Шолом-Алейхем - Иоселе-соловей
Женщины взяли по печенью и от всей души пожелали Злате:
— Дай вам Б-г, Златочка, чтобы дочка доставила вам много радости в жизни; чтобы никогда горя не знала; пусть старится со своим мужем в богатстве и чести. А через год не забудьте, Златочка, пригласить нас на рождение сына. Не беспокойтесь, мы мастера на почин! Всюду, где мы бываем на свадьбе, через год обязательно — сын. Такая уж у нас легкая рука!
— Аминь, дай Б-г! — произнесла Злата с благочестивой миной на лице.
Брайна глянула на Ентл, Ентл — на Брайну, а Злата — на них обеих. Три сестры объяснились между собой взглядами, лучше чем кто-нибудь языком. Они хорошо поняли друг друга.
Позже начали сходиться гости. Они садились за стол, выпивали, чокались с женихом, с Златой и с разными свойственниками. Лицо у Алтера сияло под новой бархатной фуражечкой, и выглядел он совсем хватом, вроде даже помолодел на несколько лет. Совершенно иной вид был у невесты. Повязанная, разодетая как какая-нибудь красивая барыня, она была очень невесела. В лице ее, слишком белом, даже с некоторым оттенком желтизны, не было ни кровинки. Черные глаза за длинными ресницами были холодны, тусклы, безо всякого огня, и почему-то казались больше обычного; щеки как будто впали. Новый повойник на голове, украшенный жемчугом и брильянтами, походил на какой-то венец.

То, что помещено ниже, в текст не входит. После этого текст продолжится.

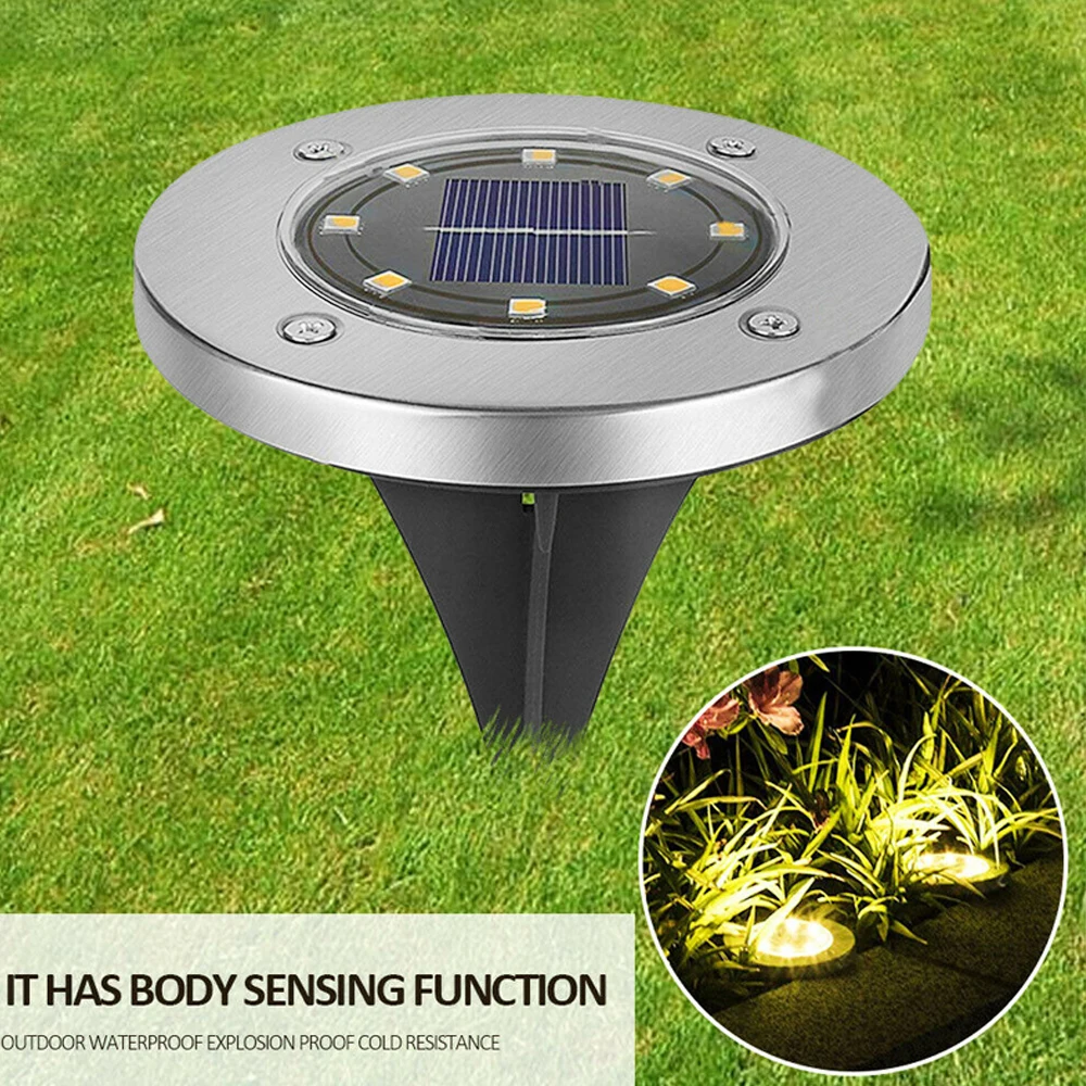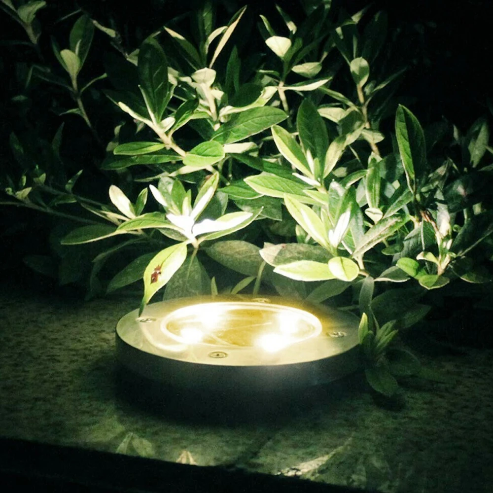 Наземный светильник лампа диск на солнечных батарейках устойчивый светодиодный фонарь датчик для улицы сада дачи газона земли

В своем дорогом шелковом платье, отделанном бархатом и позументами, обвешанная с головы до ног драгоценностями, Эстер выглядела настоящей принцессой, — царевна, да и только. Живая, веселая Эстер вдруг притихла, стала степенной, уравновешенной и серьезной. «Вот это настоящая невеста!» — думали про себя гости, любуясь ее красивым, ясным лицом.
— Какой прекрасной панночкой выглядит она, не сглазить бы! — прошептала женщина, указывая на невесту. — Чиста, как только что выпавший снег. Такая жена — украшение в доме, не правда ли? Полюбуйтесь, Фруме-Сора, дай вам Б-г здоровья!
Фруме-Сора охотно согласилась, что такая жена — украшение в доме. Гости тем временем принялись омывать руки. Они передавали друг другу большую медную кружку с двумя ручками и брали у своего соседа мокрое, уже успевшее почернеть полотенце.
В комнату вошел Шмулик.
— Здравствуйте, — радушно сказала Злата. — Отчего так поздно? Прошу вас, омойте руки и садитесь за стол. Видать, вы совсем забыли, что вам сегодня читать семь благословений. А где ваша жена, реб Шмулик? Какой-то вы сегодня развинченный. Что с вами?
— У меня гость, — сказал с кислой миной Шмулик. — Гость у меня. Сын приехал.
— Иоселе? — вскрикнули все разом. — Иоселе здесь? Пусть Б-г благословит вас и вашего гостя! Но где же он?
— Что значит, где? Дома, — ответил Шмулик, не двигаясь с места. — Что-то заболел. Приехал еще вчера ночью, а домой явился на рассвете, то есть утром. Простудился, видно, все жалуется на боль в голове. Сейчас он чуть живой, весь горит. Мы уж прикладывали мокрые полотенца, терли ему виски. Ничего не помогает.
— Потеть! — изрекли сразу несколько человек. — Лучшее средство — пропотеть. Присядьте, реб Шмулик! Что вы так расстроились? Бывает, человека продует. Ничего, с Б-жьей помощью пройдет.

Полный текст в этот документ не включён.